Fifty years ago C. S. Lewis criticized secular culture for its derision of heroic virtues, and warned that the natural result would be the creation of “men without chests”: men who lack the courage and self-sacrifice to be heroes.
We live with that reality today.
The Southern Confederacy did not lack for men with chests. One of the bravest of heroes was a young man from Alabama who became an adopted son of Virginia. John Pelham fought for the Army of Northern Virginia and won praise from Lee, Jackson, and Stuart. Finally, far too young, he sacrificed his young life for the Southern cause.
In April 1861, despite having completed his course work and final examinations at West Point, Pelham resigned his cadet commission and followed Alabama out of the Union. He offered his services to the young Confederacy, which then was desperately mustering and training troops to defend home and hearth against President Lincoln’s threatened invasion.
He won acclaim at Manassas when the green troops he had trained into an artillery battery boomed destruction upon the Union right, which threatened to flank the Southern lines and end the war in the first battle. Ordered to retreat to the hill of the Henry House, Pelham was overheard exclaiming, “I’ll be dogged if I’ll run any farther”, and he ordered his guns unlimbered. Pelham’s stand helped General Thomas Jackson earn his eternal name of Stonewall, and the general praised the young lieutenant in his battle report, a rare event both for Pelham’s youth and Jackson’s reluctance to praise.

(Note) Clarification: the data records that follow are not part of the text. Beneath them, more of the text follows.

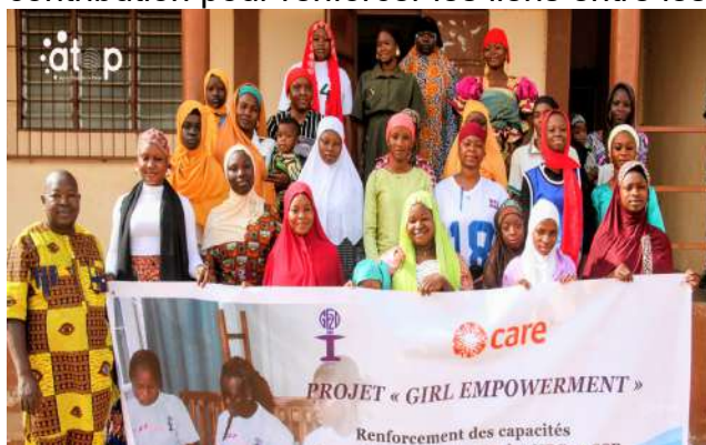
Des parties prenantes et les formateurs

favorables à la santé, afin de mieux protéger leur santé et leur avenir. L'assise a offert un espace d'échanges et de dialogue sécurisé, permettant aux unes et aux autres de partager leurs expériences, de renforcer leur confiance en elles et de développer une solidarité entre pairs. Un moment de convivialité autour d'un déjeuner collectif a été mis à contribution pour renforcer les liens entre les participantes.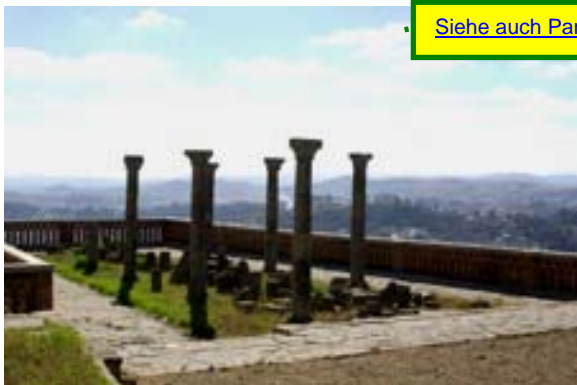
Rova von Tana: Reste der Säulenhalle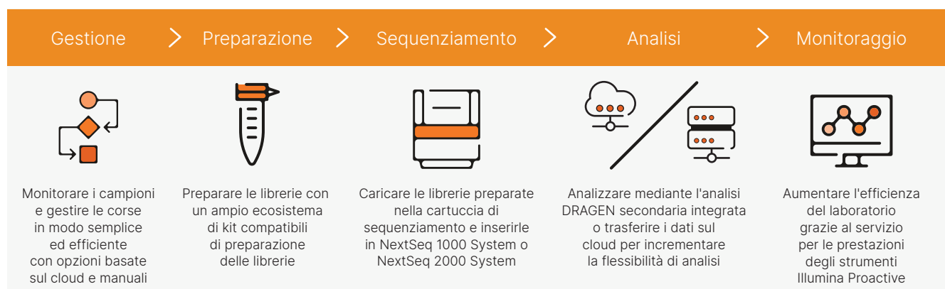
Figura 2: flusso di lavoro intuitivo dalla libreria all'analisi. NextSeq 1000 System e NextSeq 2000 System offrono un flusso di lavoro completo, che include semplice impostazione della corsa, ampio ecosistema di kit compatibili per la preparazione delle librerie, funzionamento "carica e vai" e analisi secondaria integrata sullo strumento.

c. I punteggi qualitativi si basano su una libreria del campione di controllo PhiX di Illumina; le prestazioni possono variare a seconda del tipo e della qualità della libreria, della dimensione dell'inserito, della concentrazione di carico e di altri fattori sperimentali.

Pelham’s growing reputation for bravery, skill, and coolness under fire drew the attention of J.E.B. Stuart, who Robert E. Lee would soon select to command all the cavalry in the Army of Northern Virginia. Stuart found in Pelham the man who would give flesh to an idea: the Stuart Horse Artillery.
Soldiers in earlier wars had attempted to marry the firepower of artillery with the slashing, lightning strikes of cavalry, but Stuart and Pelham developed it into a frightening weapon. Under Pelham’s command, with his bold bravery and unerring eye for terrain, the Stuart Horse Artillery could ride at speed with the cavalry, then deliver a devastating fire that swept away blue lines like the wind.

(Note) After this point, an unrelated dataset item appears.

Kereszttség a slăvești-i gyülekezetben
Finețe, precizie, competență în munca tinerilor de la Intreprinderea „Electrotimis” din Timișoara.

In battle after battle, Pelham would race his little guns to where the fighting was fiercest and, coolly oblivious to shot and shell raining around him, would turn the tide of battle. When the Army of Northern Virginia waged a desperate stand along the banks of Antietam Creek, Pelham held Lee’s left with cannon that turned Miller’s Cornfield into an eternal synonym for death. One Union officer wrote that the cornfield was so strewn with bluecoated bodies that a horse could cross the entire field without touching ground. Pelham’s defense won high praise from Stonewall Jackson: “With a Pelham on each flank, I believe I could whip the world!”

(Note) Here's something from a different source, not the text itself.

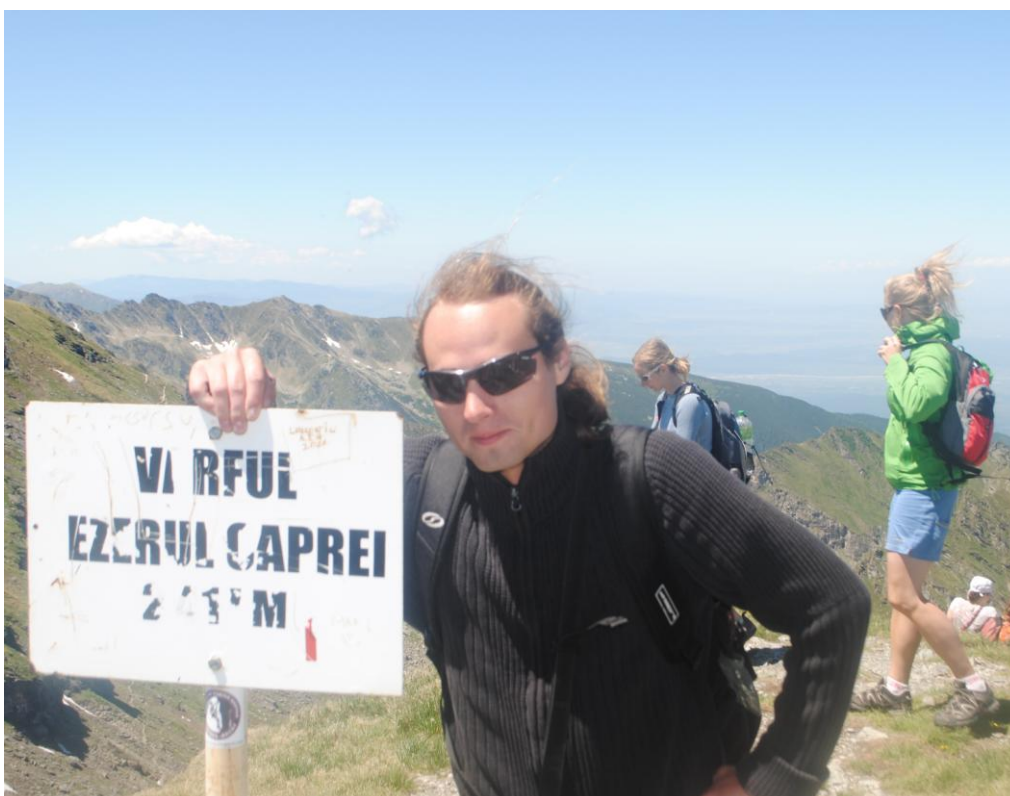
Obr. 31 Varful Ezerul Caprei(2417 m) – nejvyšší dosažený bod exkurze

At Fredericksburg, Pelham spotted an entire Union corps of 50,000 troops moving toward a gap in the Confederate right. Dashing two guns far out in front of his lines, he stopped the enemy charge until Jackson could prepare a defense. He coolly directed the firing while dozens of Yankee cannon blazed at him. Looking through his fieldglasses at the carnage wreaked in the blue lines by Pelham’s guns, General Lee remarked, “It is well that war is so terrible. Were it not so, we should grow too fond of it.” Yet the commanding general could not help but admire the bravery of the young artillerist who made war so terrible for the South’s enemies: “It is glorious to see such courage in one so young.”
Pelham’s gentle manners and handsome blond looks set many a Southern lady’s heart aflutter. No lass could believe that this shy charmer was the one whose eyes blazed in battle and whose name vibrated throughout the South. One whose heart Pelham won was the raven-haired Belle Boyd, who used her breathtaking beauty to obtain strategic information from Northern officers. She gave Pelham a Bible, and inscribed on the cover page in Belle Boyd’s delicate script was a pledge of love.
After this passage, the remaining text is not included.